Anthropic Rents Colossus, ARR Grows 8000% Annualized, and the Agent Platform Wars Begin
Published on 07.05.2026
Anthropic's Second Annual Developer Day: Compute, Not Models
TLDR: Anthropic's "Code with Claude" event delivered no new model release but announced a massive compute deal with SpaceX/xAI to access Colossus 1, immediately translating into doubled Claude Code rate limits. The real story was that 80x demand growth had been quietly throttling users for months.
The thing that strikes me about this developer day is that the biggest news was infrastructure, not intelligence. No new Claude model dropped. What dropped instead was the curtain on a problem Anthropic had apparently been wrestling with: they were simply running out of compute. Dario and Daniela Amodei confirmed in an interview that usage grew roughly 80x unexpectedly, and the SpaceX deal is the first serious attempt to address it. Anthropic CTO Tom Brown said Claude inference would start ramping on Colossus "in the next few days," which is a remarkable turnaround.
The scale figures circulating are worth taking seriously even if Anthropic hasn't canonized every number. Third-party estimates put the arrangement at over 300 megawatts and 220,000 NVIDIA GPUs, with Colossus 1 containing approximately 150,000 H100s, 50,000 H200s, and 30,000 GB200s. One estimate put the annual value at around $5B. Elon Musk confirmed xAI was comfortable leasing Colossus 1 because xAI had already moved training to Colossus 2, which is reportedly already at roughly 500,000 Blackwells. So what looks like Anthropic's big win is also xAI monetizing last year's hardware while upgrading to next year's.
The practical impact landed immediately.
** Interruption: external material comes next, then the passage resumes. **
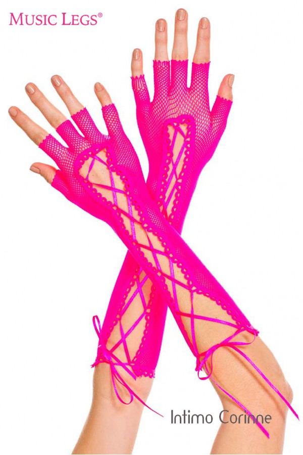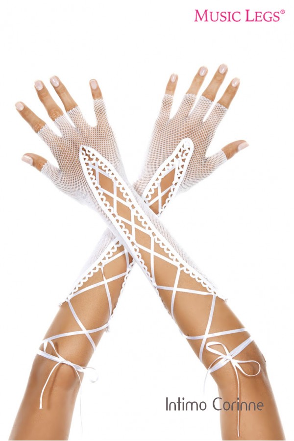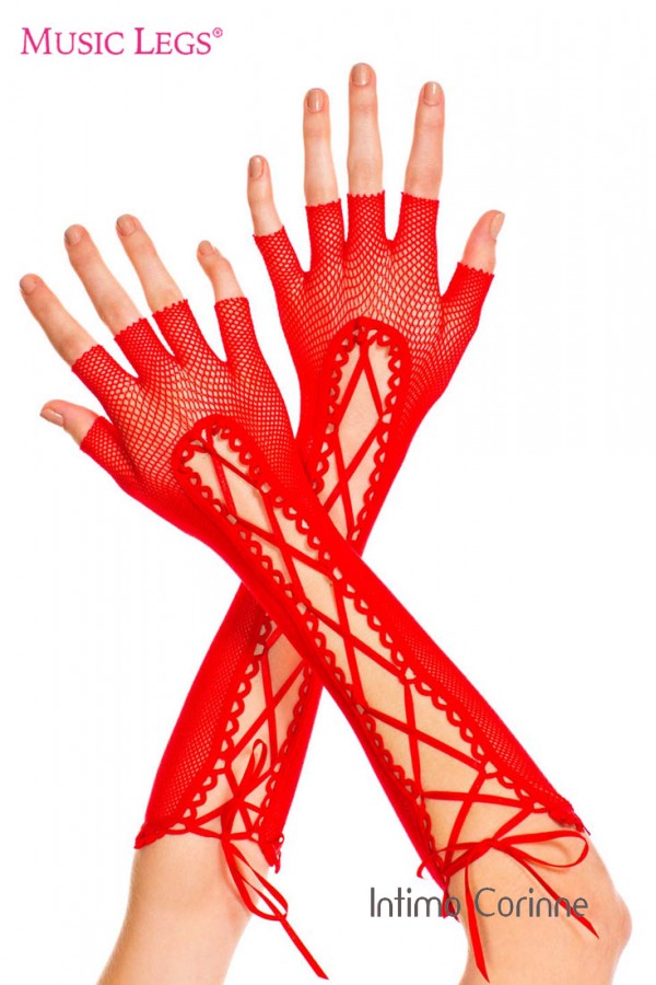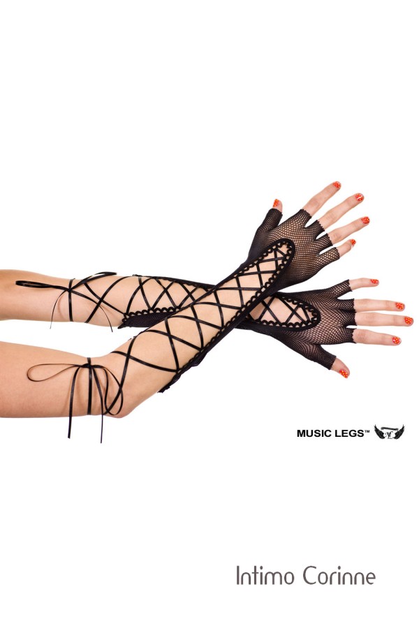 Music leg: guanti lunghi in rete a mezze dita con nastrini.

Claude Code's 5-hour rate limits doubled for Pro, Max, Team, and seat-based Enterprise users. Peak-hours throttling was removed for Pro and Max. Opus API rate limits went up substantially. Anthropic's product lead Amol Avasare explained that weekly limits stayed put because only a small fraction of users hit those, while a much larger cohort hits the 5-hour window. More changes may follow as compute ramps. That's a rational prioritization, and I appreciate that they said it plainly.
What is less comfortable to sit with is the competitive angle. Some observers argued Anthropic blundered by waiting too long to secure this capacity, possibly surrendering meaningful ARR to OpenAI during the constrained months. The developer community was already hedging toward Codex and Cursor whenever Claude went down. The flip side is that 8000% annualized ARR growth is a difficult number to argue with, even if the starting base was small.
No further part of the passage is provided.